# Task objective
With the pictures left out, repeat every entry that follows exactly.

# Data in this exercise
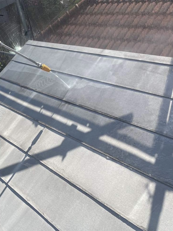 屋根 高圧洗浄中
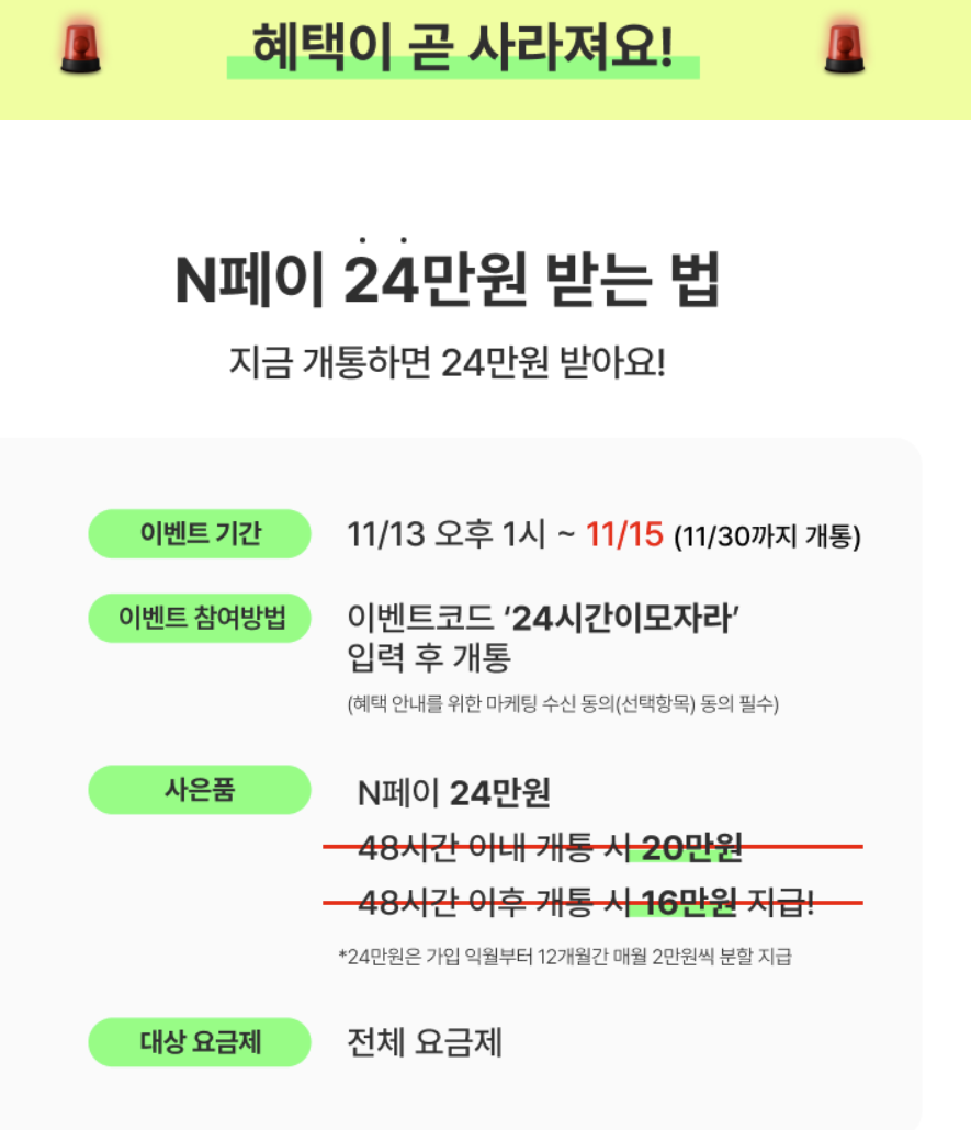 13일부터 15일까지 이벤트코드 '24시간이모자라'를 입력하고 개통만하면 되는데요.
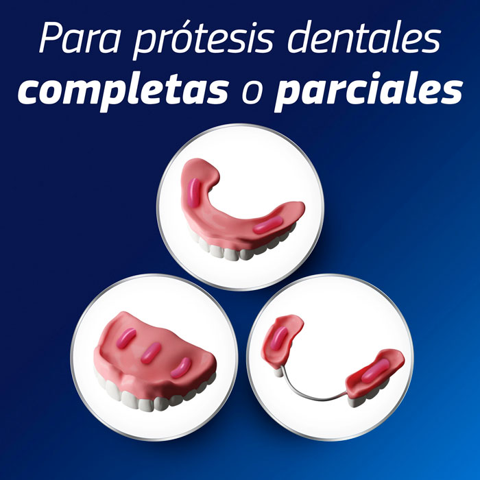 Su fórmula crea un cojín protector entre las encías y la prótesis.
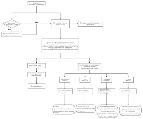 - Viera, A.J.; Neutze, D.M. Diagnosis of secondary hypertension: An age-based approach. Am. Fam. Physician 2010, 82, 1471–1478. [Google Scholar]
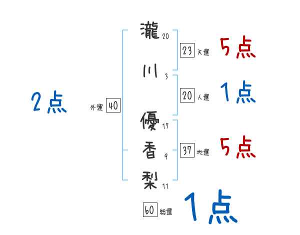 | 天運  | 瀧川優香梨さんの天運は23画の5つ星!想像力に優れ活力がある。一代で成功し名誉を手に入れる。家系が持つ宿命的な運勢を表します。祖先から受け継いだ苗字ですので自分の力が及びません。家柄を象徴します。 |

# Output for this task
 屋根 高圧洗浄中
 13일부터 15일까지 이벤트코드 '24시간이모자라'를 입력하고 개통만하면 되는데요.
 Su fórmula crea un cojín protector entre las encías y la prótesis.
 - Viera, A.J.; Neutze, D.M. Diagnosis of secondary hypertension: An age-based approach. Am. Fam. Physician 2010, 82, 1471–1478. [Google Scholar]
 | 天運  | 瀧川優香梨さんの天運は23画の5つ星!想像力に優れ活力がある。一代で成功し名誉を手に入れる。家系が持つ宿命的な運勢を表します。祖先から受け継いだ苗字ですので自分の力が及びません。家柄を象徴します。 |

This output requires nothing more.